The Web ARChive (WARC) archive format specifies a method for combining multiple digital resources into an aggregate archive file together with related information. The WARC format is a revision of the Internet Archive’s ARC_IA File Format[4] that has traditionally been used to store «web crawls» as sequences of content blocks harvested from the World Wide Web. The WARC format generalizes the older format to better support the harvesting, access, and exchange needs of archiving organizations. Besides the primary content currently recorded, the revision accommodates related secondary content, such as assigned metadata, abbreviated duplicate detection events, and later-date transformations.

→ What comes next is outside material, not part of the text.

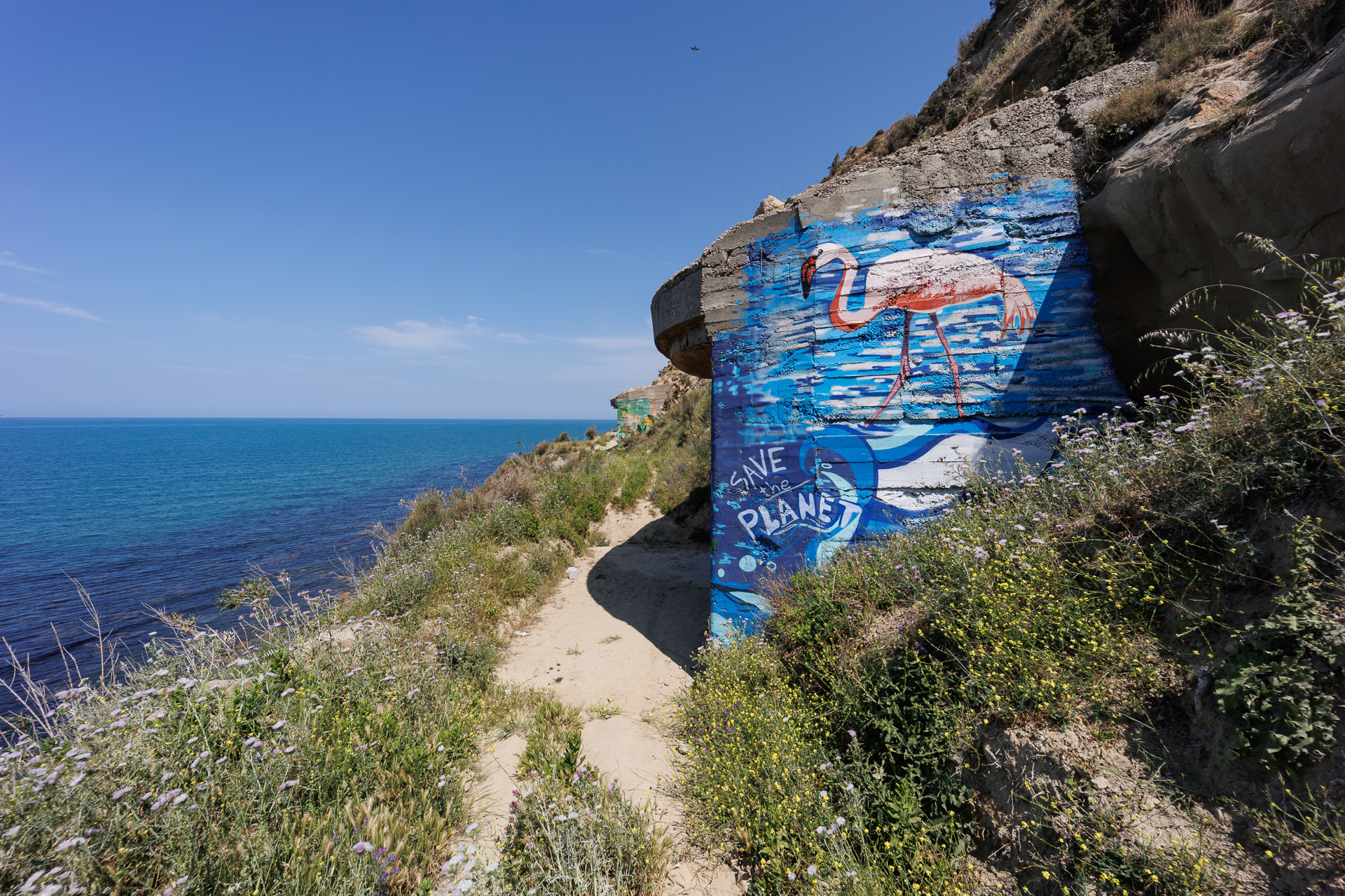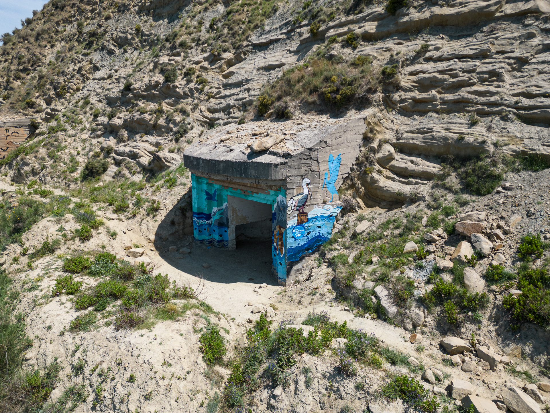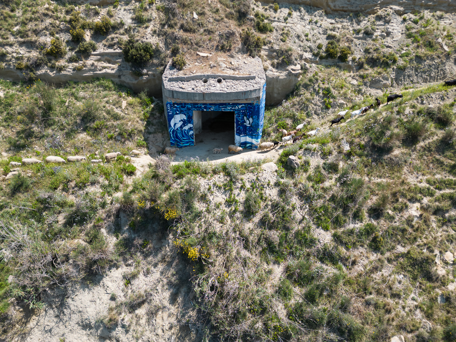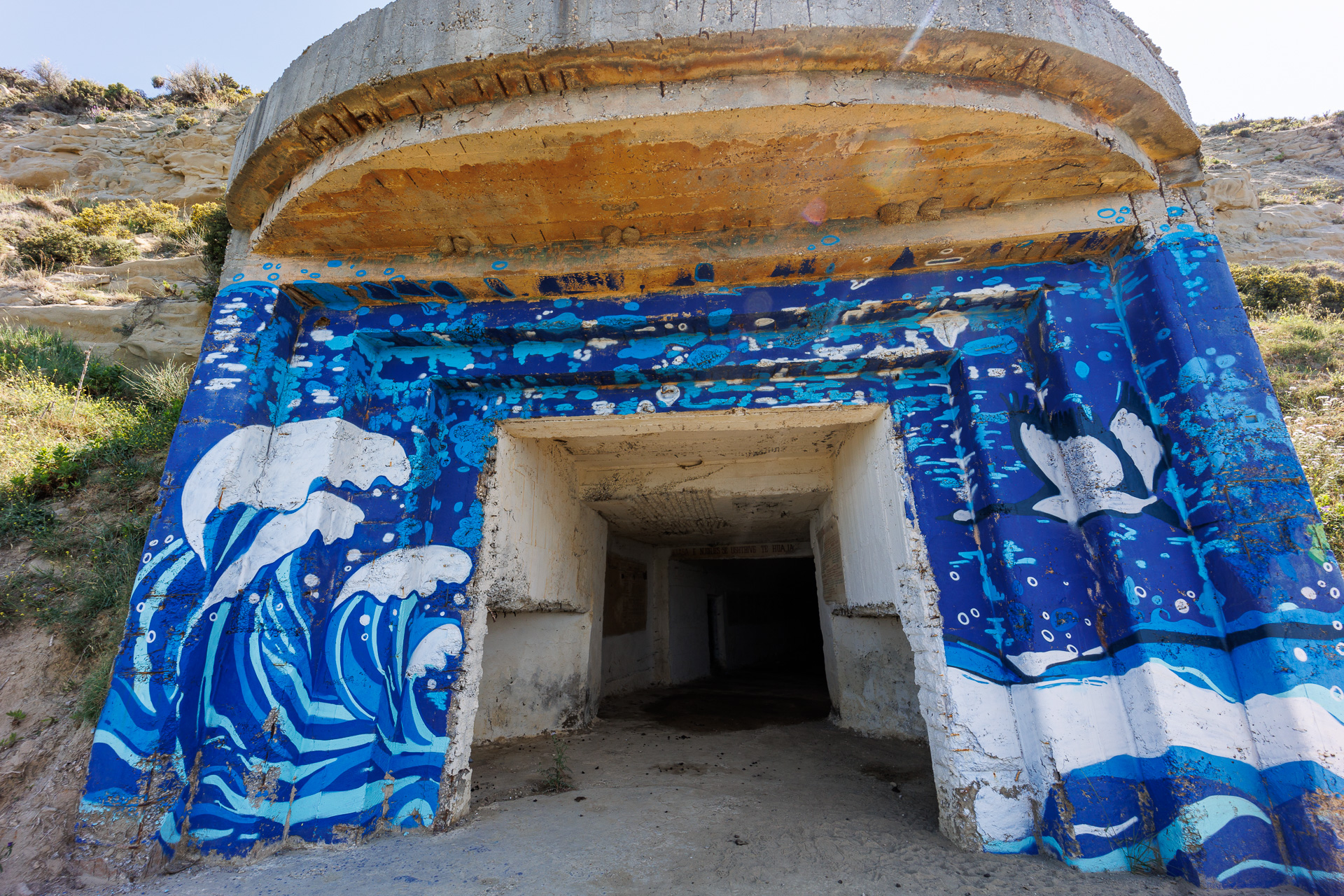 Ce matin, sur les recommandations d’amis, nous ferons une petite halte à 2 kilomètres de notre bivouac pour découvrir un bunker. Avant de partir à la découverte de celui-ci, nous profitons d’un vent calme pour faire quelques photos avec le drone. Même vu du ciel, l’endroit est beau 🤩 !

From the discussion about Working with ARCHIVE.ORG, we learn that it is important to save not just files but also HTTP headers.

To download a file and save the request and response data to a WARC file, run this:

wget «http://www.archiveteam.org/» –warc-file=»at»

This will download the file to index.html, but it will also create a file at-00000.warc.gz. This is a gzipped WARC file that contains the request and response headers (of the initial redirect and of the Wiki homepage) and the html data.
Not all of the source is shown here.